- [TASK DETAILS]: An exact transcription of the entries is required, with no images included.

■ ■ ■ ■ ■ ■ ■

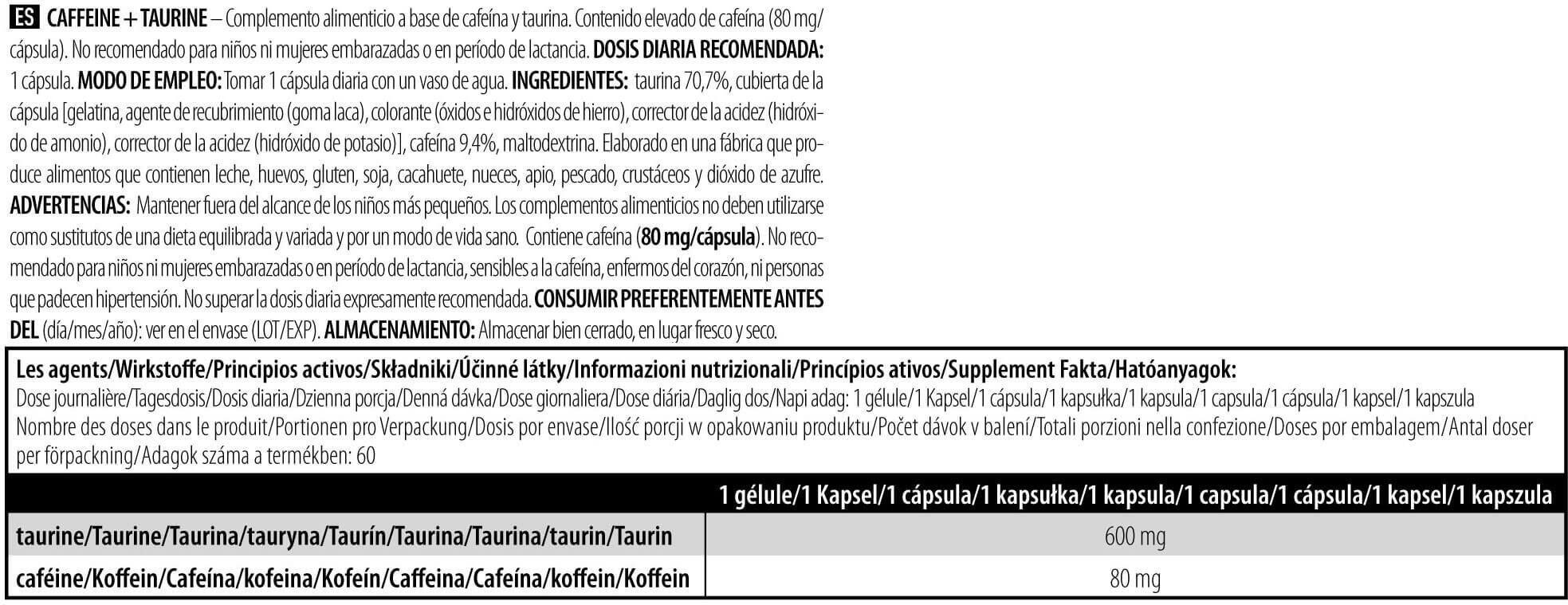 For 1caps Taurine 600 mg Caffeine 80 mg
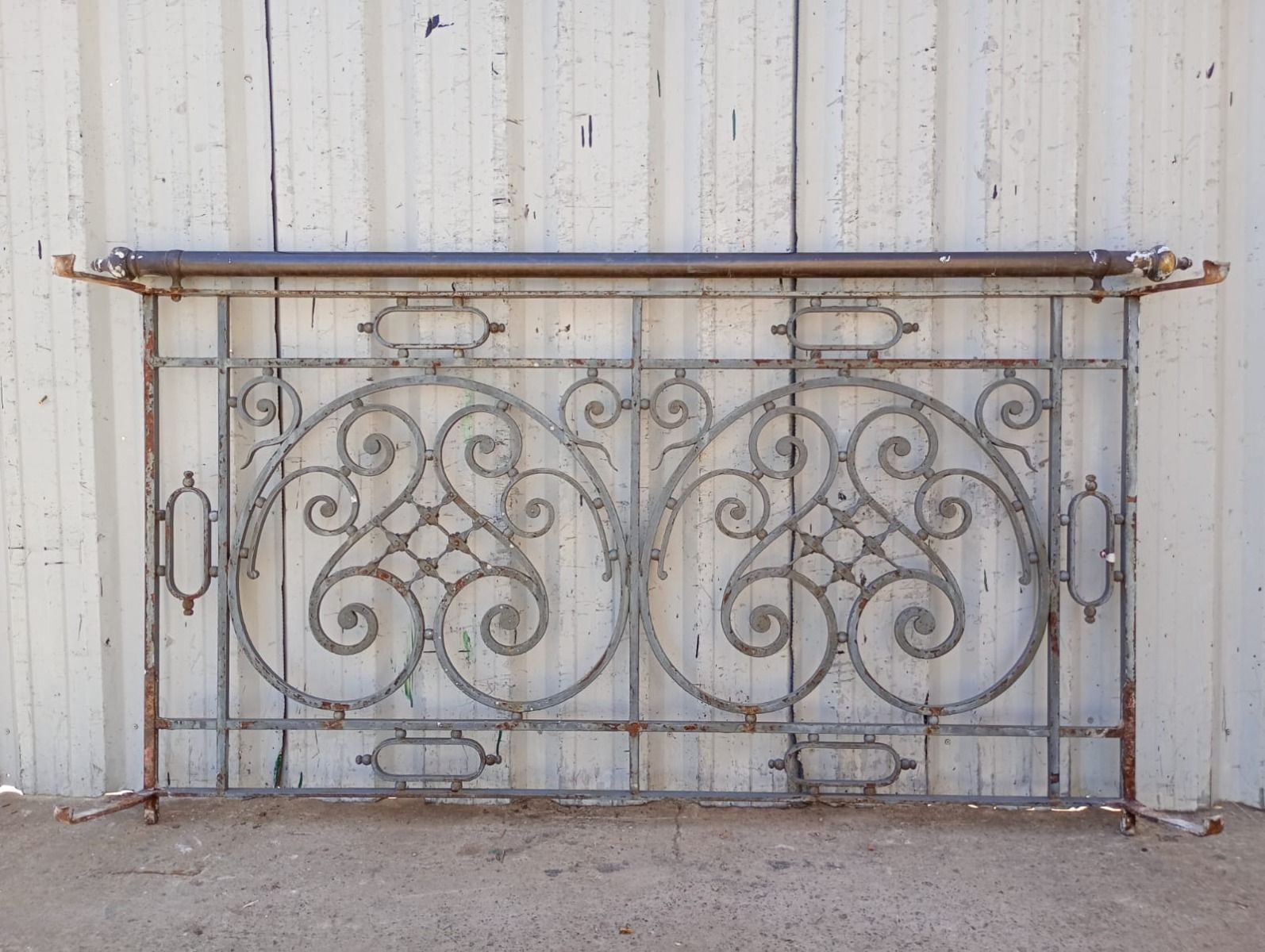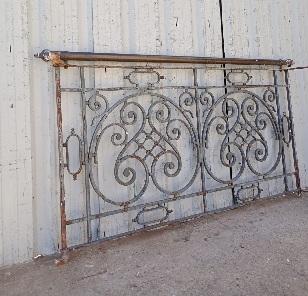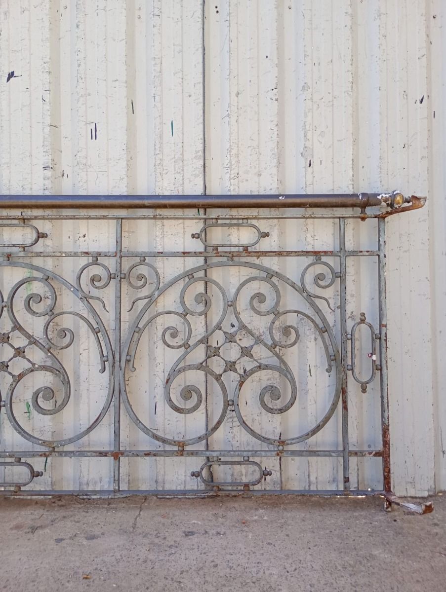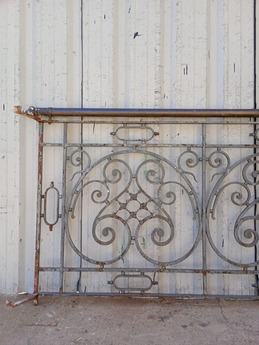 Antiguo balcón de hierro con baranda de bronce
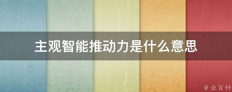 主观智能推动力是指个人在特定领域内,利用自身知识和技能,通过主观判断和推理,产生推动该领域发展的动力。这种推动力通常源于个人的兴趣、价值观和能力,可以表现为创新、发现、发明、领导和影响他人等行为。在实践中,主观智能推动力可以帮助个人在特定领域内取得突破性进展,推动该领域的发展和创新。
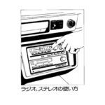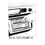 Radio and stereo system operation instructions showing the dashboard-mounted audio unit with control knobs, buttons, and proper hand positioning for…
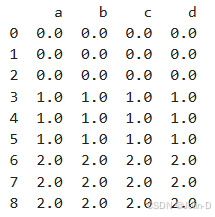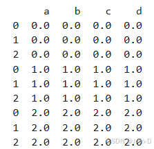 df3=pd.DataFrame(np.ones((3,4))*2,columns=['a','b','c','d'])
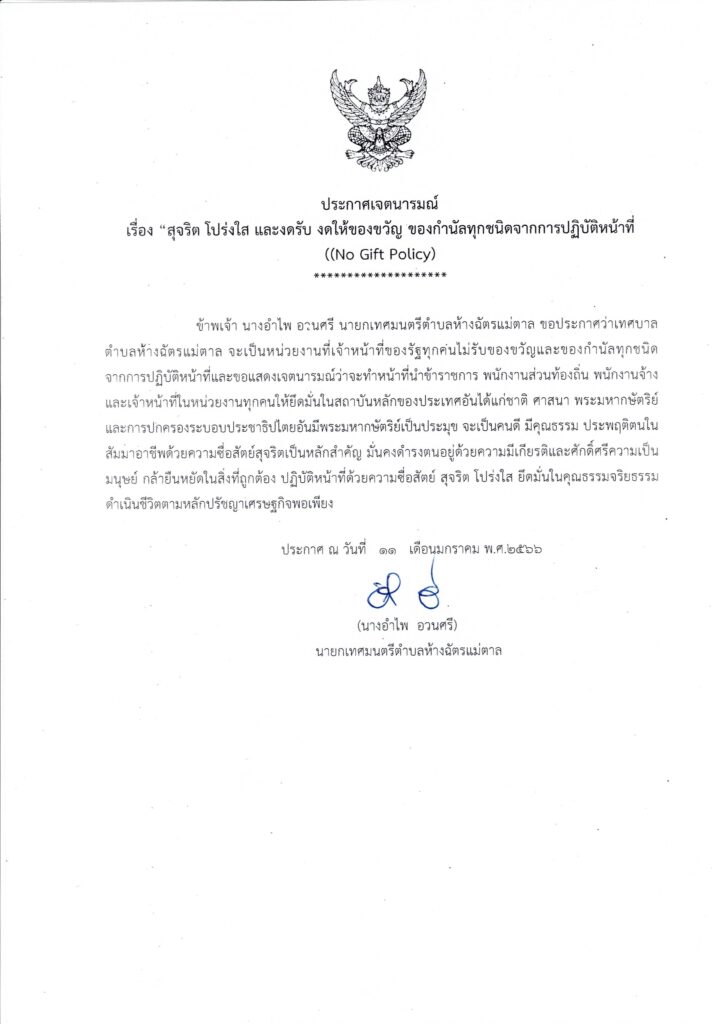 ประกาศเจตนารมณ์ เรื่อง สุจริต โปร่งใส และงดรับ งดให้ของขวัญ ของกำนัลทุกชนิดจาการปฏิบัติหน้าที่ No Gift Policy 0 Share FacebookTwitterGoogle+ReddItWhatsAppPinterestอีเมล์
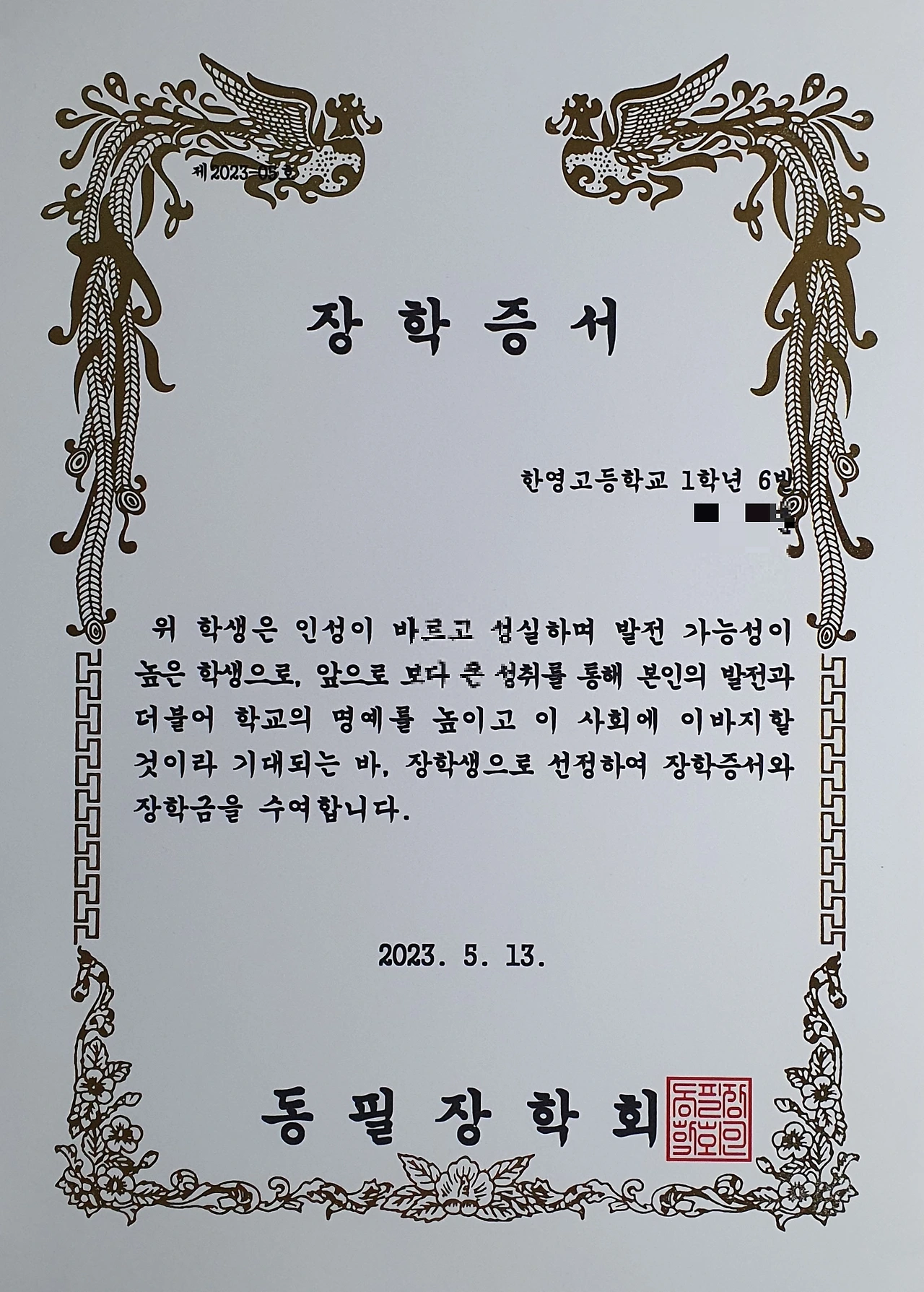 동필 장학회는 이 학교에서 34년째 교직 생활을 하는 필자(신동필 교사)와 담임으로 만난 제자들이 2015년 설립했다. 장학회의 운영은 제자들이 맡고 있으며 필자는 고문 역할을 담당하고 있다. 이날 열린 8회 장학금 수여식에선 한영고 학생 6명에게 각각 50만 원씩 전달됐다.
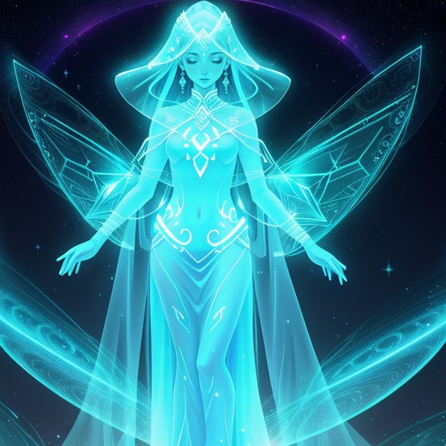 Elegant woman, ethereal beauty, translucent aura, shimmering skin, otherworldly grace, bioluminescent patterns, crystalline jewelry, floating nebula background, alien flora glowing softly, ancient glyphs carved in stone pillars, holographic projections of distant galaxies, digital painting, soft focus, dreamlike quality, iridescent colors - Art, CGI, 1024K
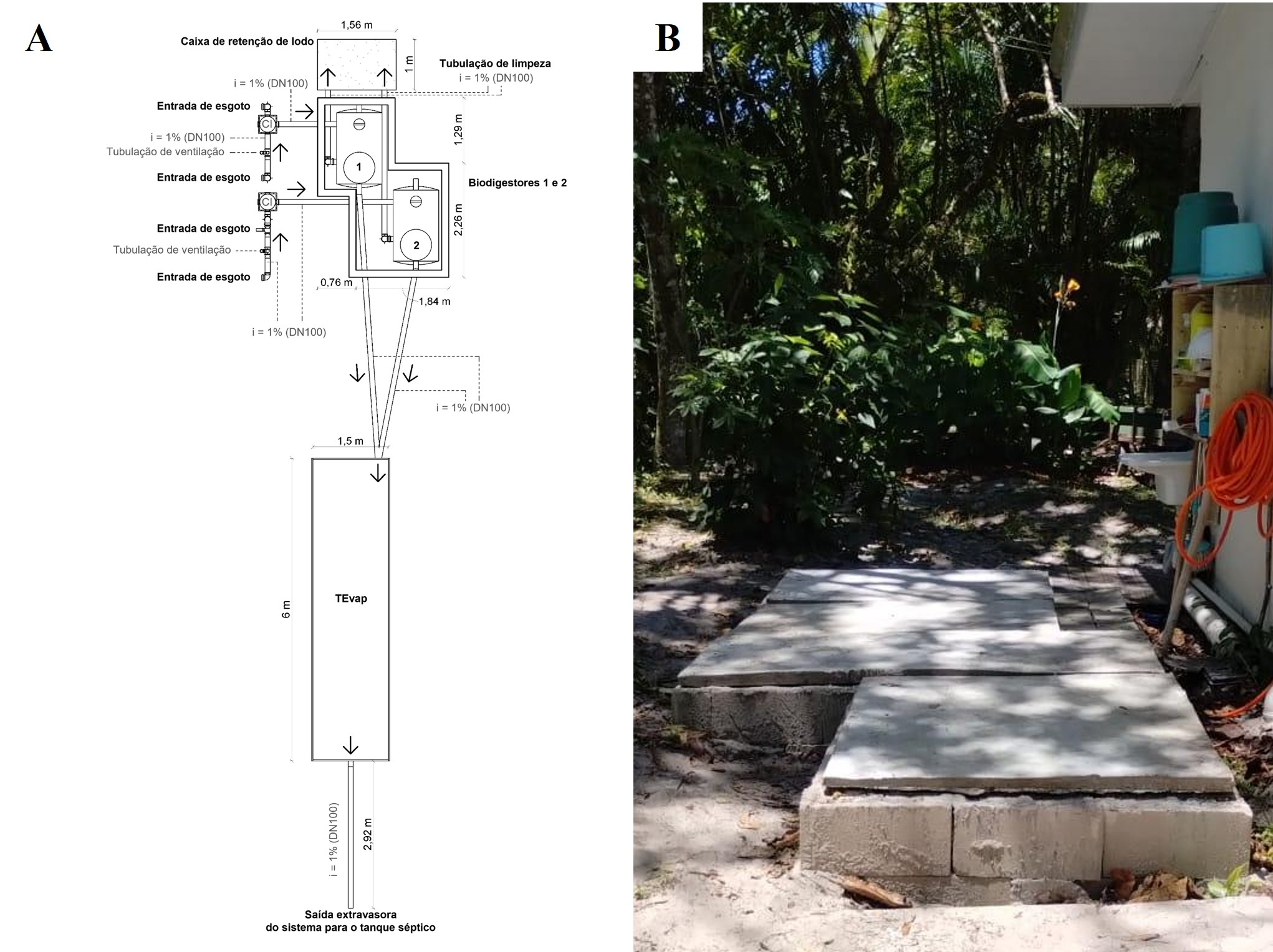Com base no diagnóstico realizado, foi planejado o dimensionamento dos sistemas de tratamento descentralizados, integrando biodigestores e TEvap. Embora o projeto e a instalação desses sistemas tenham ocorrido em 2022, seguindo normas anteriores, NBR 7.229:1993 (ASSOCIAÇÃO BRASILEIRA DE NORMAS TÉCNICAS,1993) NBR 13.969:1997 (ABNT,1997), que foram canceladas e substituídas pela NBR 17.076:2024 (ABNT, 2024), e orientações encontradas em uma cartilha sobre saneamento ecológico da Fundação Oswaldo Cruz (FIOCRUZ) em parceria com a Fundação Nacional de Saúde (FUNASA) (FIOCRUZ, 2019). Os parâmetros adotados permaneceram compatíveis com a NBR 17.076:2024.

■ ■ ■ ■ ■ ■ ■

- [WORKED SOLUTION]:
 For 1caps Taurine 600 mg Caffeine 80 mg
 Antiguo balcón de hierro con baranda de bronce
 主观智能推动力是指个人在特定领域内,利用自身知识和技能,通过主观判断和推理,产生推动该领域发展的动力。这种推动力通常源于个人的兴趣、价值观和能力,可以表现为创新、发现、发明、领导和影响他人等行为。在实践中,主观智能推动力可以帮助个人在特定领域内取得突破性进展,推动该领域的发展和创新。
 Radio and stereo system operation instructions showing the dashboard-mounted audio unit with control knobs, buttons, and proper hand positioning for…
 df3=pd.DataFrame(np.ones((3,4))*2,columns=['a','b','c','d'])
 ประกาศเจตนารมณ์ เรื่อง สุจริต โปร่งใส และงดรับ งดให้ของขวัญ ของกำนัลทุกชนิดจาการปฏิบัติหน้าที่ No Gift Policy 0 Share FacebookTwitterGoogle+ReddItWhatsAppPinterestอีเมล์
 동필 장학회는 이 학교에서 34년째 교직 생활을 하는 필자(신동필 교사)와 담임으로 만난 제자들이 2015년 설립했다. 장학회의 운영은 제자들이 맡고 있으며 필자는 고문 역할을 담당하고 있다. 이날 열린 8회 장학금 수여식에선 한영고 학생 6명에게 각각 50만 원씩 전달됐다.
 Elegant woman, ethereal beauty, translucent aura, shimmering skin, otherworldly grace, bioluminescent patterns, crystalline jewelry, floating nebula background, alien flora glowing softly, ancient glyphs carved in stone pillars, holographic projections of distant galaxies, digital painting, soft focus, dreamlike quality, iridescent colors - Art, CGI, 1024K
Com base no diagnóstico realizado, foi planejado o dimensionamento dos sistemas de tratamento descentralizados, integrando biodigestores e TEvap. Embora o projeto e a instalação desses sistemas tenham ocorrido em 2022, seguindo normas anteriores, NBR 7.229:1993 (ASSOCIAÇÃO BRASILEIRA DE NORMAS TÉCNICAS,1993) NBR 13.969:1997 (ABNT,1997), que foram canceladas e substituídas pela NBR 17.076:2024 (ABNT, 2024), e orientações encontradas em uma cartilha sobre saneamento ecológico da Fundação Oswaldo Cruz (FIOCRUZ) em parceria com a Fundação Nacional de Saúde (FUNASA) (FIOCRUZ, 2019). Os parâmetros adotados permaneceram compatíveis com a NBR 17.076:2024.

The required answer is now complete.